It does serve the purpose of reminding him just how late it is. His watch glows 12:43 PM; his stomach growls ferociously, informing him that he hasn't had dinner yet.
He sighs, and puts down the welding torch. Tessa's going to be mad at him again.
Dinner waits on a workbench closer to the barn door. It's stone cold. Cade picks up the plate and checks it for ants under the light before he leaves.
The security light over the patio casts a warm white light out over the lawn. The Autobots are gathered nearby, all in 'bot mode. There's a tree in the way; he can just see their lower legs and feet.
There's a few too many feet. He spots red and blue flames on the extra pair, and grins.
The gathered Autobots switch from their own alien language to English as Cade comes within earshot.

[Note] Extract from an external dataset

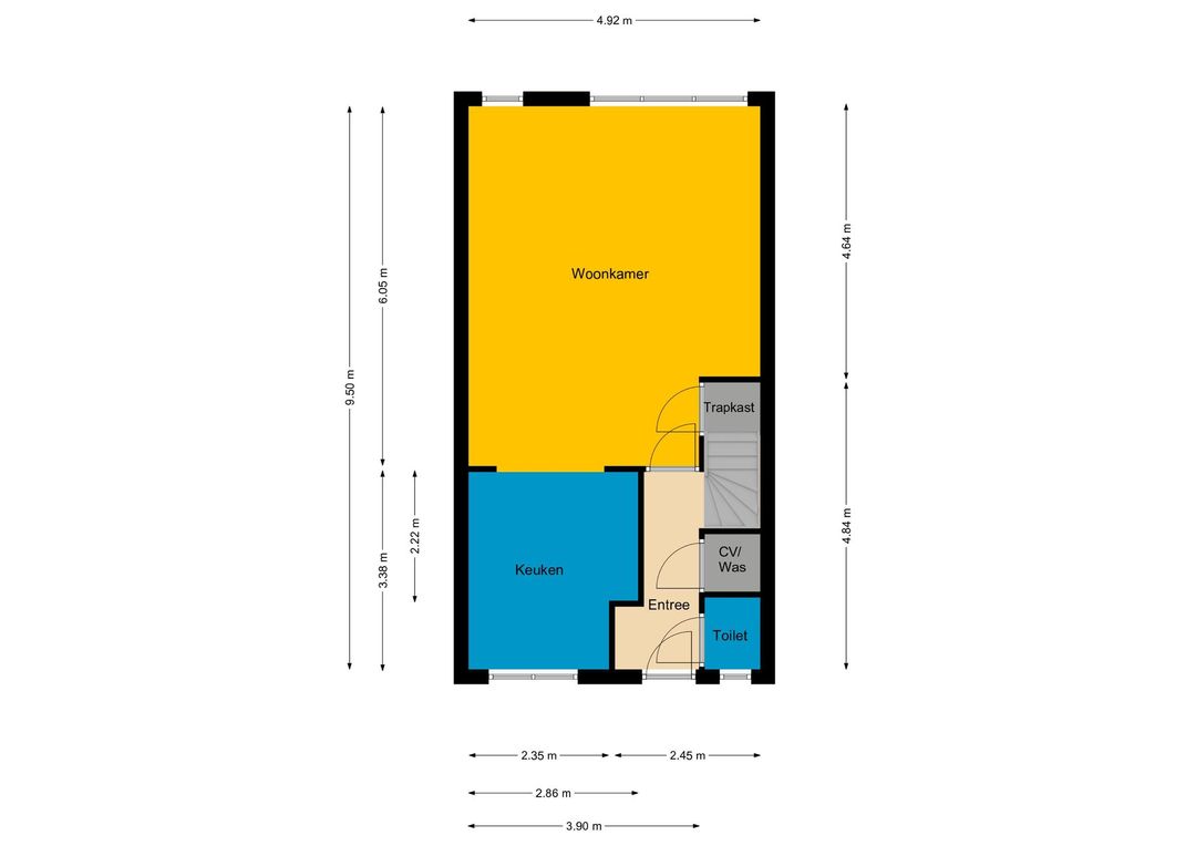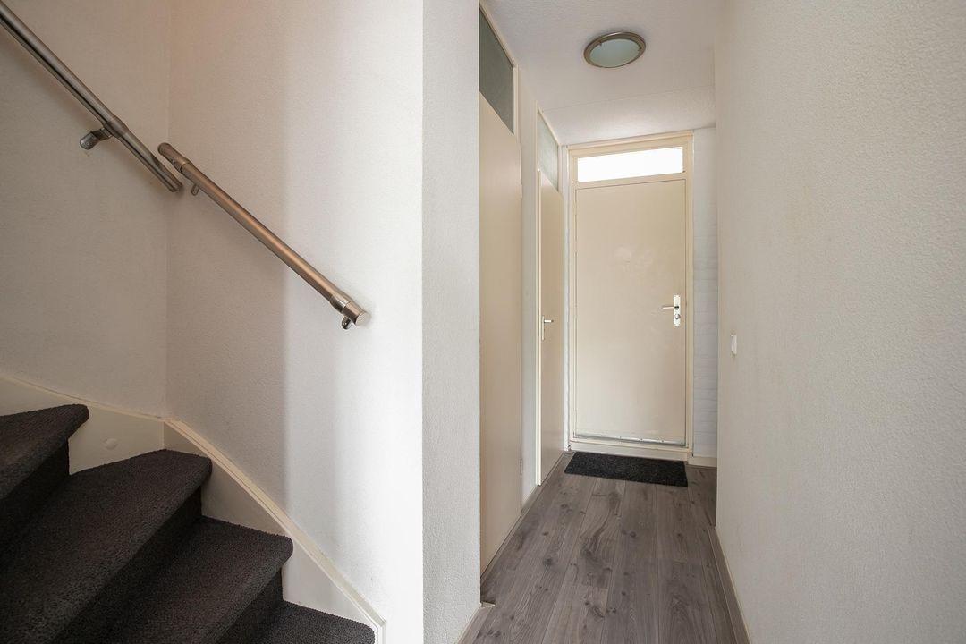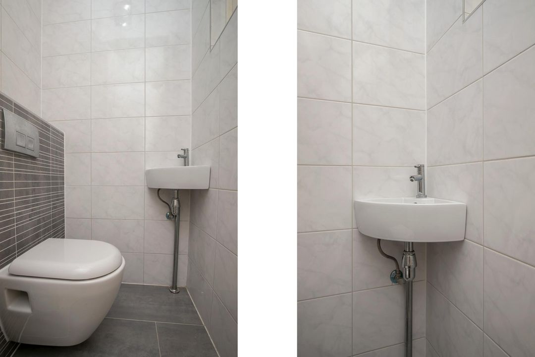 Via de galerij met de brievenbussen betreedt u middels de voordeur de ontvangsthal. Vanuit hier heeft u toegang tot de woonkamer, de CV (Bosch) kast met aansluiting voor de wasmachine, de trap naar de eerste verdieping en het toilet. Vanuit de ontvangsthal is de nette lichtgrijze laminaatvloer geheel doorgelegd over de verdieping, met uitzondering van het toilet. De toiletruimte is volledig betegeld met een gemarmerde tegel aan de wanden, een antracietkleurige vloertegel en antracietkleurige siertegels aan de wand van het hangende toilet. Tevens zijn er een fonteintje en een mechanisch ventilatiesysteem aanwezig.
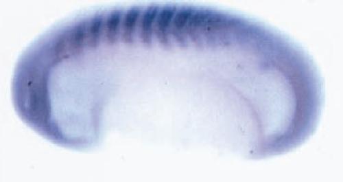kcnab2 (potassium channel, voltage gated subfamily A regulatory beta subunit 2) gene expression in Xenopus laevis embryo, assayed via in situ hybridization, NF stage 24, lateral view, anterior left, dorsal up. This image is extracted from figure published in: Lazaroff MA et al. (1999), Image published in: Lazaroff MA et al. (1999) Copyright © 1999. OA ARTICLE, images redisplayed under a Creative Commons license.

Hound and Drift give him a friendly greeting, the newly-arrived Optimus a respectful nod.
He climbs up onto the patio, which puts him at a point slightly higher than their knees. “I wasn't expecting you back so soon.”
Optimus steps forward, further into the light. “It is not a visit I foresaw, either.”
In the background, Crosshairs elbows Hound, who replies with a burst of rumbled Cybertronian. Drift makes a noise halfway between a snapping guitar string and a pigeon's coo. A glance from Optimus, and they fall silent.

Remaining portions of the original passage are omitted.